**PROBLEM DESCRIPTION**
Copy every entry exactly as it reads and exclude whatever pictures appear.

Top of DATA TO USE

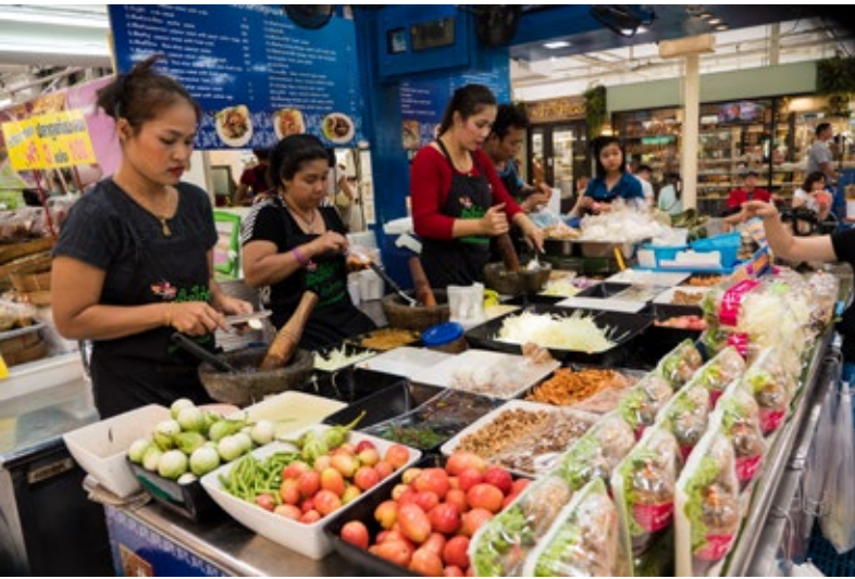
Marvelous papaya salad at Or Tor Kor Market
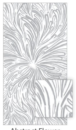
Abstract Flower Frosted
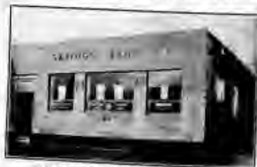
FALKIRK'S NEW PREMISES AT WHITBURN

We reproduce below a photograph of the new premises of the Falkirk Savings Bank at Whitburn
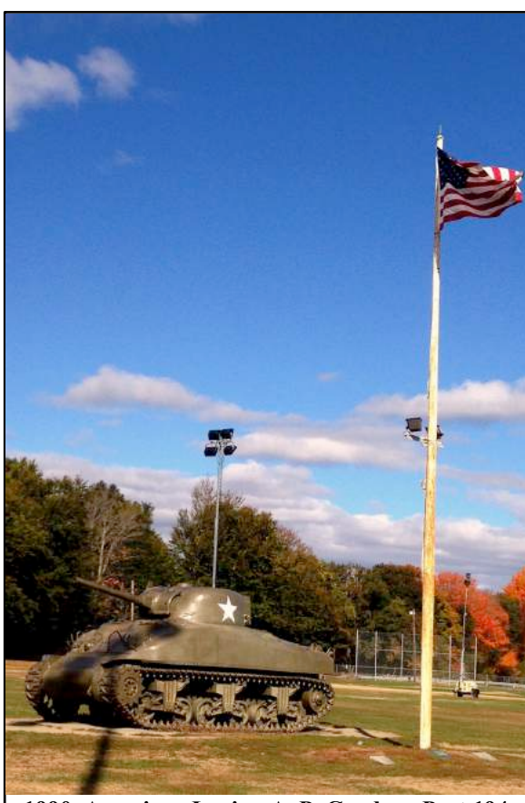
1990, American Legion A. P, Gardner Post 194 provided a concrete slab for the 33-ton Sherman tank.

Bottom of DATA TO USE

**EXERCISE SOLUTION**
Marvelous papaya salad at Or Tor Kor Market
Abstract Flower Frosted
FALKIRK'S NEW PREMISES AT WHITBURN

We reproduce below a photograph of the new premises of the Falkirk Savings Bank at Whitburn
1990, American Legion A. P, Gardner Post 194 provided a concrete slab for the 33-ton Sherman tank.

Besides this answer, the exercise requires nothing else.